Álex nodded. The words went somewhere deep and heavy inside him.
Inside the main building, the air changed. It smelled cleaner, colder, almost sterile. White walls were lined with photos of former academy graduates. Some of them now played for Valencia's first team. Some had gone to clubs Álex only knew from television. Their eyes followed him down the hallway, frozen in their frames, like silent judges who had already survived what he was about to face.
[Legacy detected.]
A different coach took over. This one was younger, sharp-eyed, with a tablet always in hand.
"I'm Coach Ramírez. You will call me Coach. You are not special here. You are replaceable. If you don't like that, the exit is that door."
No one moved.
"Good. Changing room, five minutes. On the pitch in ten."
The changing room buzzed like a hive. Lockers slammed. Boots thumped onto benches. Shirts were pulled over nervous shoulders.
Álex sat and tied his laces slowly, deliberately. He listened to the room.
Who was confident.
Who was lying to themselves.
Who was scared.
He could almost feel it like wind against his skin.
[Situational awareness active.]
The door banged open. "Move!"
They jogged out into the sunlight.
Pitch Three was theirs today.
The grass looked unreal. Perfect. No divots. No patches. It felt like stepping onto a screen instead of soil.
Warm-ups began. Laps. High knees. Sprints. Then ball work.
The speed was different here. Passes came harder. Runs were sharper. Mistakes were punished immediately by whistles and barking corrections.
"Faster!"
"Again!"
"Don't admire your pass!"
Álex adjusted. He always did.
His first few touches were cautious, like fingers testing hot water. Then he let go and let the rhythm pull him in. One-touch passes. Quick turns. Finding space that was there for half a second and using it anyway.
Coach Ramírez watched him without blinking.
They split into small-sided games.
Álex was placed as an attacking midfielder.
"Show me," the coach muttered.
The game began.
It was chaos and geometry at the same time. Bodies moving, lines forming and breaking. Álex felt it all. He drifted between defenders, received the ball, released it before pressure arrived.
A teammate made a run that nobody else saw.
Álex did.
The through ball slipped into space, and the runner was free.
Goal.
A few heads turned in surprise as no one was expecting the pass even the goal scorer was shocked.
A defender tried to bully Álex on the next play, shoulder into chest, boots scraping.

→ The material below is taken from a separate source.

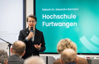 Dr. Alexandra Bormann, Rektorin der HFU, eröffnete die Veranstaltung und unterstrich die Bedeutung der Partnerschaft zwischen Hochschule und regionalen Unternehmen – sei es durch Forschungskooperationen oder praxisorientierte Bildungsangebote. GVO- Präsident Joachim Müller dankte der Hochschule für die Gastfreundschaft und sprach über die Vision einer intensiveren Zusammenarbeit. Stefan Beetz, Vorstand der Sparte Industrie und Handwerk, sprach über die Notwendigkeit lebenslangen Lernens und die Herausforderungen, die neue Technologien mit sich bringen.

Álex absorbed it, rolled away, and kept the ball moving.
[Balance stabilized.]
Minutes passed like seconds.
The game paused. Teams switched.
Álex felt sweat running down his back, but his mind stayed clear. The system in him was quiet now, not flashing words, not interrupting.
It was simply… there. Like a second nervous system, smoothing his decisions, sharpening his timing.
He was not thinking.
He was choosing.
Another match.
This one was rougher. A tall center-back slid in late, catching Álex's ankle. Pain flared white-hot.
[Impact absorbed.]
Álex bit down on it and stayed upright remembering where he is now and there will challenges awaiting him.
The ball bounced loose. He recovered it, spun, and slipped past the same defender who had tried to hurt him.
Somewhere on the sideline, someone let out a low whistle.
He set up another goal. Then another chance. Then a shot that rattled the post.
When the final whistle came, Álex felt like he had been wrung out and hung to dry. His shirt clung to him. His lungs burned. But inside, something glowed steady and bright.
The players gathered.
Coach Ramírez walked slowly in front of them, eyes scanning, weighing.
"This academy is not a shelter," he said. "It is a filter. Some of you will last. Most of you will not. Every day, someone leaves."
He stopped in front of Álex for a fraction of a second longer than necessary.
"Training starts at 7 a.m. tomorrow. Be early. Be ready."
As the group broke apart, Álex finally allowed himself to breathe.
This was it.
Not a trial.
Not a dream.
A beginning.
And somewhere in the back of his mind, quiet as a held breath, something waited.